2. School of Mechanical & Automotive Engineering, Qilu University of Technology (Shandong Academy of Sciences), Ji'nan 250300, China
In 2004, Yeh et al.[1] introduced the concept of "high entropy alloy(HEA)", which has recently gained significant attention in the materials field and sparked extensive discussions among researchers. In contrast to normal alloys, HEAs belong to a unique class of alloys that contain five or more elements. The composition of each element is carefully balanced, with no component exceeding 35%[2]. The notable characteristics of HEA include the high entropy effect[3] and slow diffusion effect[4], which contributes to a reduction in Gibbs free energy. The reduced Gibbs free energy prevents intermetallic compounds from developing, which causes a stable solid solution to form inside the alloy. The amalgamation of multiple principal components not only allows for the utilization of each element's individual properties but also highlights the intricate interplay and synergy among these elements, known as the cocktail effect[5]. Additionally, the size disparities among the atoms of each element induce lattice distortion effects within the alloy system[6]. These four effects intricately interact with one another, ultimately influencing the mechanical properties of HEA[7].Extensive investigations have demonstrated that HEA holds tremendous potential in various engineering fields, including aerospace, nuclear power, energy, chemical, automotive, and biomedical applications. In comparison to conventional alloys, HEA exhibits exceptional properties such as high hardness[8], improved yield strength[9], high radiation resistance[10], excellent high-temperature wear resistance[11], good corrosion resistance[12], and oxidation resistance[13-17]. Consequently, HEA presents a wide range of prospects in material surface modification endeavors.

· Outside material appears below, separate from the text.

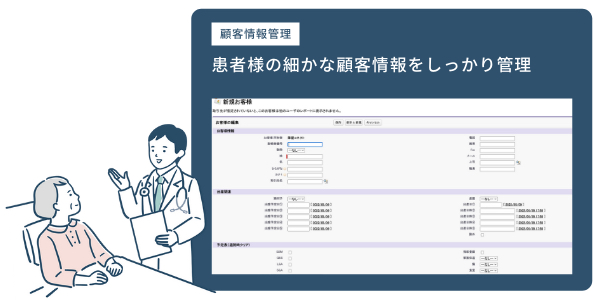 患者様の細かな顧客情報(アレルギー、身長、体重、血圧、基礎体温、家族情報など)を時系列で確実に蓄積することができるようになり、患者様の満足度が向上します。
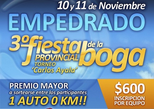 EMPEDRADO – CORRIENTES – La 3° Edición de la Fiesta Provincial de la Boga se realiza este próximo fin de semana en la localidad correntina a orillas del río Paraná.Durante el fin de semana del 10 y 11 de noviembre el mundo de la pesca deportiva se trasladará a Empedrado, conocida como la Perla del Paraná. Las barrancas naturales serán anfitrionas de cientos de pescadores, que buscarán revalidad el éxito de las dos ediciones anteriores. Vale agregar que el presente torneo lleva el nombre del recordado periodista en turismo y creador de Chamigo Producciones, Carlos Ayala.

Due to its remarkable mechanical characteristics, a lot of research has been done on the CoCrFeNi HEA in the metallurgical materials field. However, this alloy exhibits low wear resistance and hardness. As research has progressed, AlCoCrFeNi has emerged as the most representative HEA system. CoCrFeNi is substantially harder and more resistant to wear after being combined with aluminum. In recent years, a large number of researchers have explored HEA with improved performance by modifying the preparation methods and alloy compositions.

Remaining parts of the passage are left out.